An Equivalence Principle for the Spectrum of Random Inner-Product Kernel Matrices

We consider random matrices whose entries are obtained by applying a (nonlinear) kernel function to the pairwise inner products between $n$ independent data vectors drawn uniformly from the unit sphere in $\mathbb{R}^d$. Our study of this model is motivated by problems in machine learning, statistics, and signal processing, where such inner-product kernel random matrices and their spectral properties play important roles.

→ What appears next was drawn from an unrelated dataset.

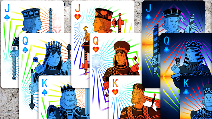 Les cartes sont imprimées avec une finition diamant de haute qualité et une couche de brillance spéciale. Leur coffret personnalisé et joyeux présente également un brillant complexe. Idéal pour une performance de magie ou de cardistry éclatante ! Chaque jeu est scellé avec un hologramme personnalisé.

Under mild conditions on the kernel function, we establish the weak-limit of the empirical spectral distribution of these matrices when $d, n \to \infty$ such that $n / d^\ell \to \kappa \in (0, \infty)$, for some fixed $\ell \in \mathbb{N}$ and $\kappa \in \mathbb{R}$. This generalizes an earlier result of Cheng and Singer (2013), who studied the same model in the linear scaling regime (with $\ell = 1$ and $n/d \to \kappa$). The main insight of our work is a general equivalence principle: the spectrum of the random kernel matrix is asymptotically equivalent to that of a simpler matrix model, constructed as the linear combination of a (shifted) Wishart matrix and an independent matrix drawn from the Gaussian orthogonal ensemble. The aspect ratio of the Wishart matrix and the coefficients of the linear combination are determined by $\ell$ and by the expansion of the kernel function in the orthogonal Hermite polynomial basis. Consequently, the limiting spectrum of the random kernel matrix can be characterized as the free additive convolution between a Marchenko-Pastur law and a semicircle law.